**SOURCE DATA:**

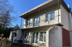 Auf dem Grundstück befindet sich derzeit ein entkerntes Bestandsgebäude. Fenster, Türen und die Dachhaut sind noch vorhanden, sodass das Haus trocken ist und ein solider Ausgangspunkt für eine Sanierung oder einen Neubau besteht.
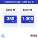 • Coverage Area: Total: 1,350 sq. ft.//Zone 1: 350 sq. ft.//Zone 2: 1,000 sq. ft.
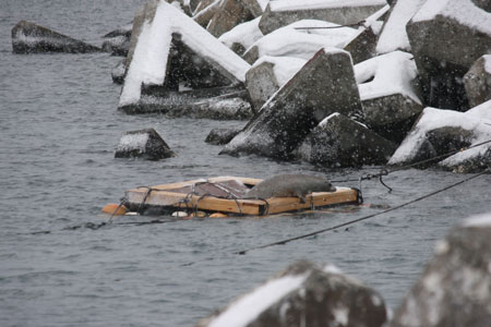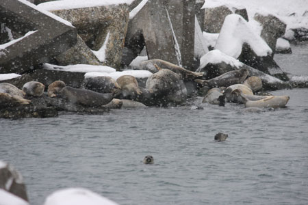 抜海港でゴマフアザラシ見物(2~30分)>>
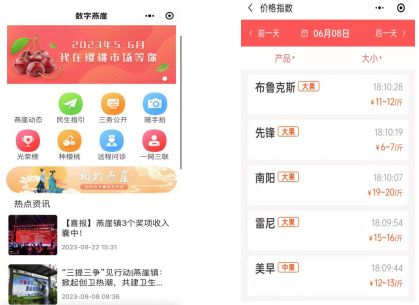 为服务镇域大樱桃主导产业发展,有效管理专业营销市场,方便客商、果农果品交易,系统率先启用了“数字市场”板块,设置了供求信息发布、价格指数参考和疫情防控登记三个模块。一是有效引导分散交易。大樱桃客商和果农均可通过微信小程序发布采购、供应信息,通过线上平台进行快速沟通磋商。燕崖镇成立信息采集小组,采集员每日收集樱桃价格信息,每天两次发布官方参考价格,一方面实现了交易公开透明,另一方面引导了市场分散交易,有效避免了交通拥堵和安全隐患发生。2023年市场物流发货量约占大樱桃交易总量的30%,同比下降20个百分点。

**GOAL OF THE EXERCISE:**
Without including any pictures, copy every line above exactly.

**RESPONSE BELOW:**
 Auf dem Grundstück befindet sich derzeit ein entkerntes Bestandsgebäude. Fenster, Türen und die Dachhaut sind noch vorhanden, sodass das Haus trocken ist und ein solider Ausgangspunkt für eine Sanierung oder einen Neubau besteht.
 • Coverage Area: Total: 1,350 sq. ft.//Zone 1: 350 sq. ft.//Zone 2: 1,000 sq. ft.
 抜海港でゴマフアザラシ見物(2~30分)>>
 为服务镇域大樱桃主导产业发展,有效管理专业营销市场,方便客商、果农果品交易,系统率先启用了“数字市场”板块,设置了供求信息发布、价格指数参考和疫情防控登记三个模块。一是有效引导分散交易。大樱桃客商和果农均可通过微信小程序发布采购、供应信息,通过线上平台进行快速沟通磋商。燕崖镇成立信息采集小组,采集员每日收集樱桃价格信息,每天两次发布官方参考价格,一方面实现了交易公开透明,另一方面引导了市场分散交易,有效避免了交通拥堵和安全隐患发生。2023年市场物流发货量约占大樱桃交易总量的30%,同比下降20个百分点。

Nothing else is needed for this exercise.